Researchers found that the mean A1c level was higher among black participants (9.1%) than white participants (8.3%), and the mean glucose concentration for a given A1c was significantly lower in black participants than in white participants (P = 0.013). This lower concentration level was reflected in mean A1c values among black participants, which were 0.4% higher than those among white participants (95% confidence interval, 0.2-0.6) for a given mean glucose concentration. However, the researchers observed no significant racial differences in the relationship of glycated albumin and fructosamine levels with the mean glucose concentration (P > 0.2 for both comparisons).

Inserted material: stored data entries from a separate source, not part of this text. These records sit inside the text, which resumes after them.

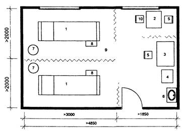 1. Стол медсестры; 2. Тумбочка прикроватная; 3. Стул полумягкий; 4. Шкаф для поста дежурной медсестры; 5. Система наблюдения; 6. Прикроватное устройство; 7. Кровать функциональная; 8. Столик инструментальный; 9. Штатив для длительных вливаний; 10. Отсасыватель хирургический; 11. Дефибрилятор импульсный; 12. Аппарат иск. вент. легких; 13. Холодильник бытовой; 14. Облучатель бактерицидный; 15. Слив больничный; 16. Умывальник; 17. Мойка чугунная.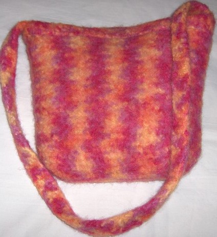 Hand crocheted soft, fluffy, purse in varying shades of pink and purple. This purse is nylon and polyester. It's 7" wide by 6-1/2" high and the handle is 34" long. It has a button and loop closure. Order item #CPBT20. Price: $16.00. |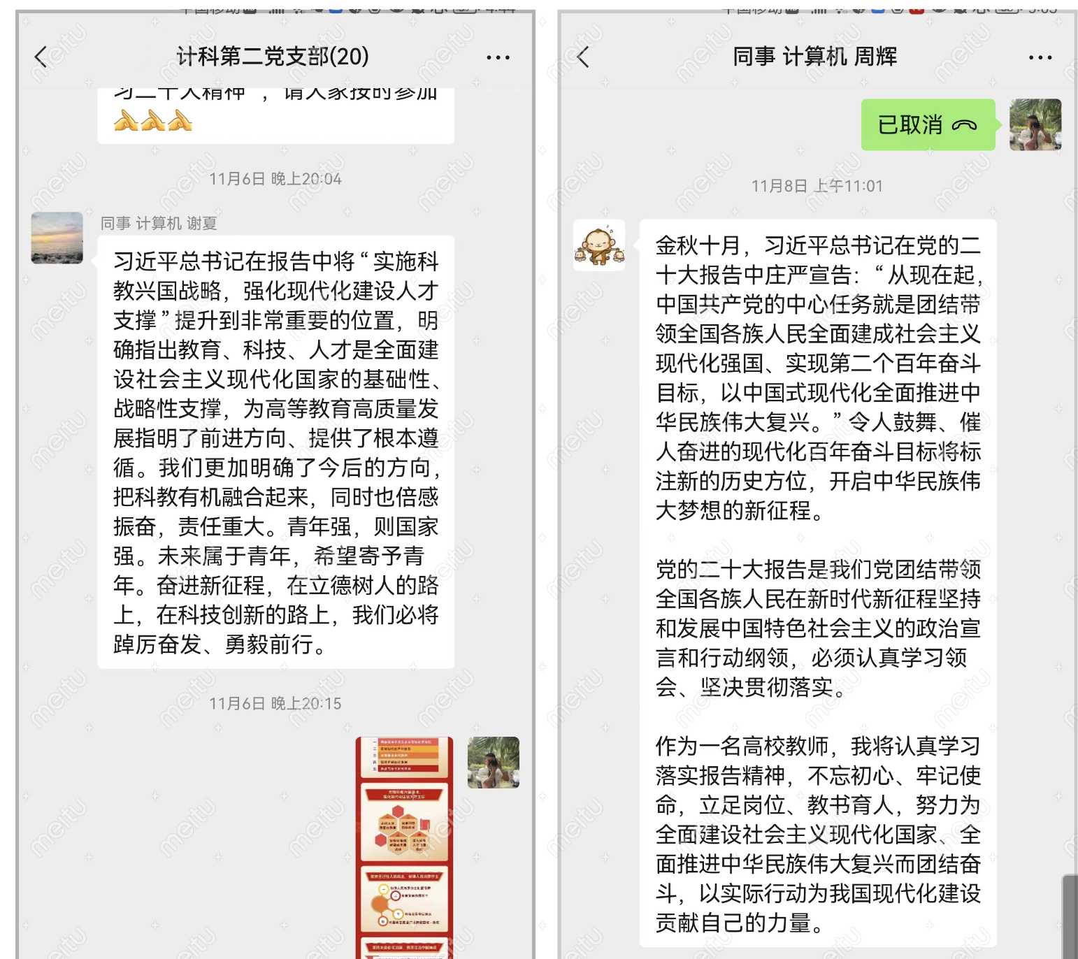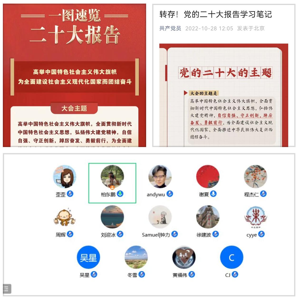 为落实学院党委深入学习中国共产党第二十次全国代表大会精神的要求,领悟习近平新时代中国特色社会主义思想,计算机学院教工第二党支部于2022年11月6日召开11月份组织生活会,以线上会议的形式集体学习中国共产党第二十次全国代表大会精神。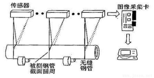 該方法具有大量程、非接觸、測量速度快、系統柔性好、精度適中等特點特別適合于產品的幾何參數檢測與質量監控領域。但也有其不足之處基于視覺分析技術對周圍環境有較高要求由于鋼管和光截面相交線很窄測量結果的穩定性不足為了提高精度必須使用多個發射/接收裝置進行分析成本較高。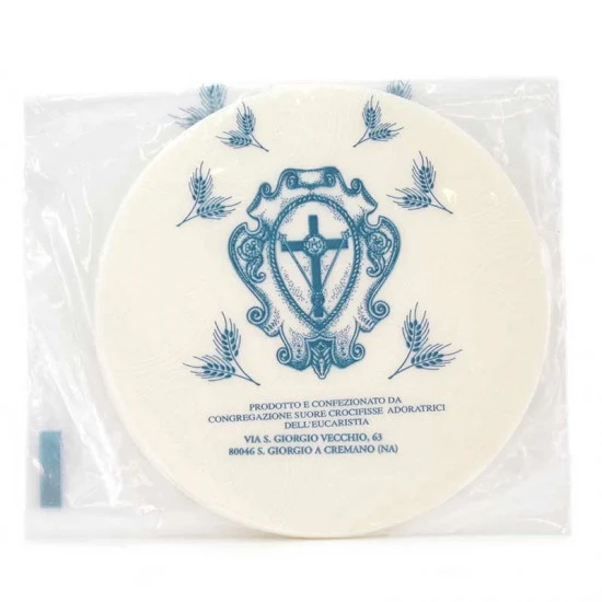 Ostia Magna di grandi dimensioni particolarmente adatta ad essere esposta all’interno della teca ostensorio. Questo prodotto delle Suore crocifisse adoratrici dell’eucarestia viene realizzato secondo il rispetto delle normative vigenti in materia di lavorazione dei prodotti alimentari che sono alla base per ottenere qualità e dare sicurezza ai consumatori. Prodotta con farina di qualità tipo 00 ed acqua. Made in Italy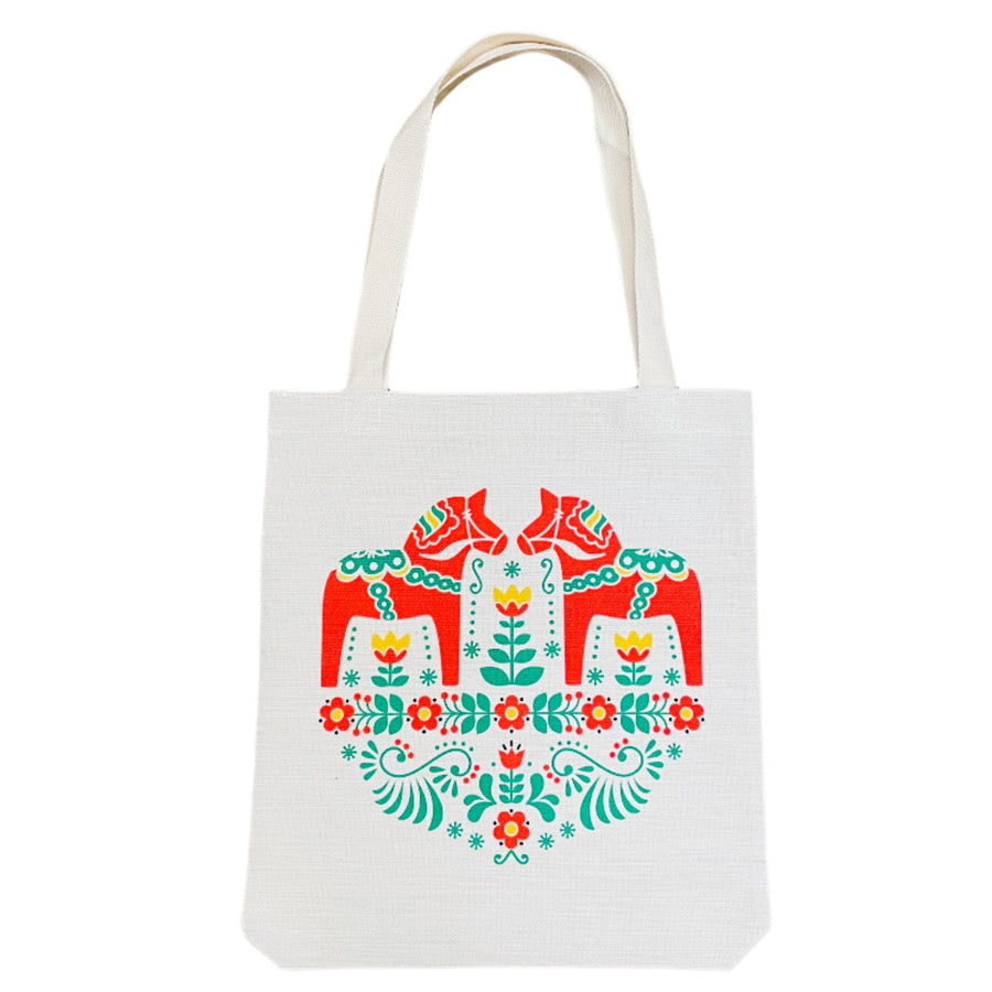 Linen Look Large Tote bag with Gusset Carl Larsson Apple Girl

There has been a long debate about why African-American patients with diabetes exhibit a higher A1c than their white counterparts. Is it because of biological differences, or do African-Americans demonstrate higher blood glucose because they may not have the same access to care or insurance? Or is it some combination of several factors? Bergenstal et al certainly provided evidence that in addition to environmental and other socioeconomic factors, biological factors play a critically significant role in this difference. This is noteworthy because we should no longer dismiss these differences as normal and inconsequential. The findings of this study should help us provide some direction in the clinical management of certain populations. For patients with difficult-to-control diabetes, it may be essential to spend more time studying the individual blood glucose readings to help better personalize the patient’s blood glucose management. At the same time, it’s important to understand that intrapatient variability, interpatient variability, and racial variability are critical factors of which all clinicians should be aware, including the differences between black and white patients. Finally, it is important to note that there were too few participants in the study with A1c levels < 6.5% to generalize the results to such individuals.


  1. Diabetes Control and Complications Trial Research Group; Nathan DM, Genuth S, Lachin J, et al. The effect of intensive treatment of diabetes on the development and progression of long-term complications in insulin-dependent diabetes mellitus. N Engl J Med 1993;329:977-986.
  2. Intensive blood-glucose control with sulphonylureas or insulin compared with conventional treatment and risk of complications in patients with type 2 diabetes (UKPDS 33). UK Prospective Diabetes Study (UKPDS) Group. Lancet 1998;352:837-853.
  3. Wilson DM, Xing D, Cheng J, et al. Persistence of individual variations in glycated hemoglobin: Analysis of data from the Juvenile Diabetes Research Foundation Continuous Glucose Monitoring Randomized Trial. Diabetes Care 2011;34:1315-1317.
  4. Snieder H, Sawtell PA, Ross L, et al. HbA(1c) levels are genetically determined even in type 1 diabetes: Evidence from healthy and diabetic twins. Diabetes 2001;50:2858-2863.
  5. Malka R, Nathan DM, Higgins JM. Mechanistic modeling of hemoglobin glycation and red blood cell kinetics enables personalized diabetes monitoring. Sci Transl Med 2016;8:359ra130.